Once hailed by Daily Variety as the busiest actor in Hollywood, Ned Beatty grew up in Kentucky, fishing and working on farms. St. Matthews, Kentucky is hardly the environment to encourage a career in the entertainment industry.

Accomplished in film, stage and television, Beatty has garnered praise from both critics and peers as a dedicated actor's actor. He started as a professional performer at age 10 when he earned pocket money singing in gospel quartets and a barbershop. The big city and bright lights did not come easy, though. The first 10 years of Beatty's career were spent at the Barter Theatre in Abingdon, Virginia. He then moved on to the Erie Playhouse in Pennsylvania, the Playhouse Theater in Houston, Texas and the prestigious Arena Stage Company in Washington, D.C. He was also a member of Shakespeare in Central Park, Louisville, Kentucky. Later the actor appeared in the Broadway production of The Great White Hope. At the Mark Taper Forum in Los Angeles, he won rave reviews when he starred in The Accidental Death of an Anarchist.

In 1971, Beatty was chosen by director John Boorman to play one of the intrepid river explorers in the hit film Deliverance. This marked the beginning of his prolific movie career, with films including Silver Streak; W.W. and the Dixie Dancekings, Network, for which he received an Academy Award nomination as Best Supporting Actor; Nashville; Superman I and II; The Toy; All The President's Men; Wise Blood; Restless Native; The Big Easy; The Passage; Switching Channels; Midnight Crossing; Purple People Eater; Time Trackers; Physical Evidence; Hear My Song, for which he earned a Golden Globe nomination for Best Supporting Actor; Prelude to a Kiss; Just Cause; He Got Game; and Cookie's Fortune. Most recently, Beatty completed The Walker, a Paul Schrader film also starring Woody Harrelson, Kristin Scott Thomas, Willem Dafoe and Lily Tomlin, and appeared in Shooter, an Antoine Fuqua film starring Mark Wahlberg.

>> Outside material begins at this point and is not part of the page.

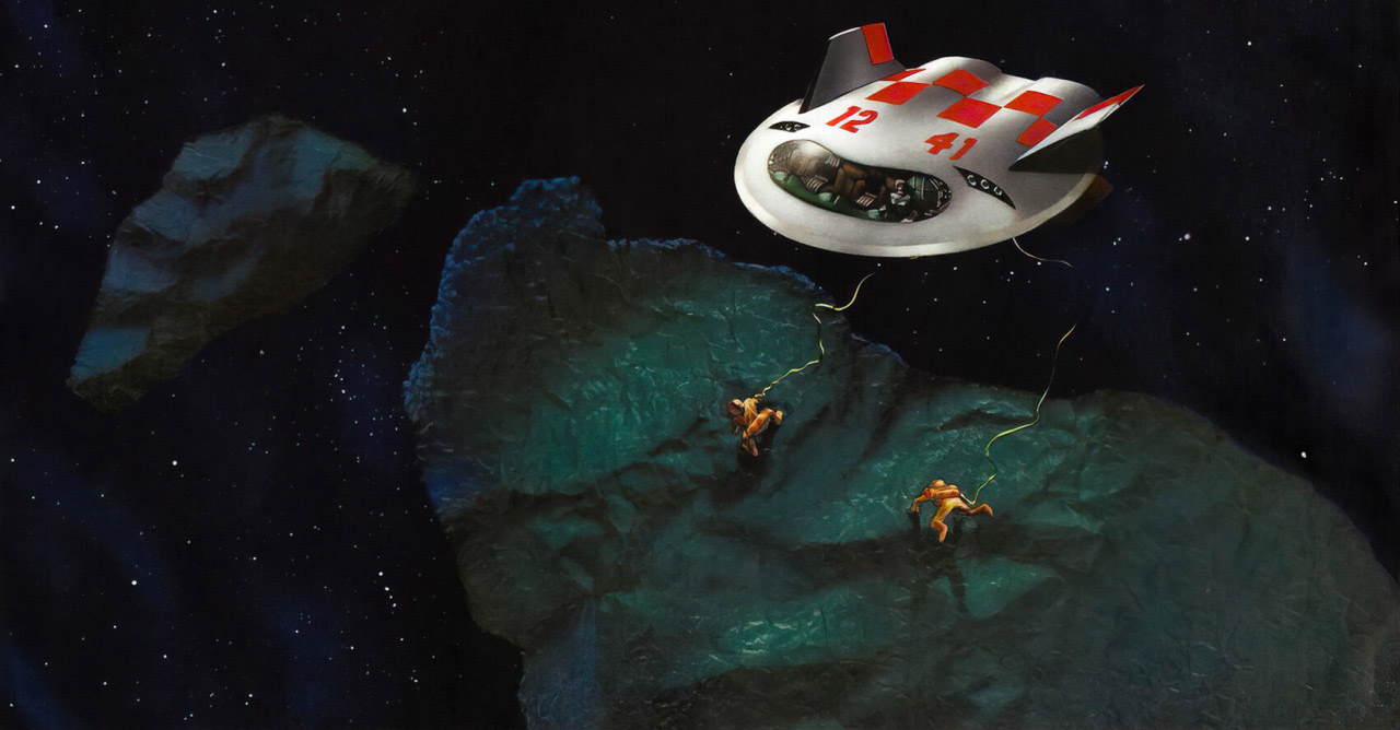 [на астероиде построена космоверфь, где под управлением громадного компьютера создают и испытывают космические корабли]

Beatty's numerous television credits include three years on the NBC series Homicide: Life on the Street; the miniseries Gulliver's Travels; Streets of Laredo; The Boys; Trial: The Price of Passion; and The Last Days of Pompeii, with Laurence Olivier. He received a Best Actor Emmy Award nomination for his performance in Friendly Fire, opposite Carol Burnett, and a Best Supporting Actor nomination for The Family Channel's Last Train Home. Other notable credits include The Execution of Private Slovik, A Woman Called Golda, Pray TV, Robert Kennedy & His Times, Lockerbie and T Bone N Weasel. He also had a recurring role on Roseanne and performed musically on television specials for Dolly Parton and the Smothers Brothers.

In 2001, Beatty returned to his theatrical roots starring in London's West End revival production of Tennessee Williams' Cat on a Hot Tin Roof, with Brendan Fraser and Francis O'Connor. He also appeared in the production on Broadway from 2003 to 2004 with Jason Patric and Ashley Judd.

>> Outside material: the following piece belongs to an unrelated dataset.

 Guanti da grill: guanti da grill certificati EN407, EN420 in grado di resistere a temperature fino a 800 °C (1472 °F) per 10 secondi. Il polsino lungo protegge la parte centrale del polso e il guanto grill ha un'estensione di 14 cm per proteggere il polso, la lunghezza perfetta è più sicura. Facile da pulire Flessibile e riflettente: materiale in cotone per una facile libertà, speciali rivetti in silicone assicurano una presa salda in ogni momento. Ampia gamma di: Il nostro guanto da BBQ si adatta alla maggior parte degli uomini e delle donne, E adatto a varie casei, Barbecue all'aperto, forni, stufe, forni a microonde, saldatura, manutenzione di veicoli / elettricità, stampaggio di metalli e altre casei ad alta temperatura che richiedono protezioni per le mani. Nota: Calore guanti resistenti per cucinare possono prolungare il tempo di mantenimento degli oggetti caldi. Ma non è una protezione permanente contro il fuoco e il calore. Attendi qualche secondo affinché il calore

In 2006 Beatty garnered two Career Achievement in Acting Awards for his work in the indie film Sweet Land. He also received a Master of American Cinema at the RiverRun International Film Festival in Winston-Salem, N.C.

Blessed with eight children, Beatty enjoys golf and playing the bass guitar. He gives himself until the age of 70 to become proficient at both.


Note: This profile was written in or before 2008.
Read earlier biographies on this page.

Ned Beatty Facts

Birth NameNed Thomas Beatty
OccupationActor
BirthdayJuly 6, 1937 (86)
SignCancer
BirthplaceLouisville, Kentucky, USA

Selected Filmography

Not available.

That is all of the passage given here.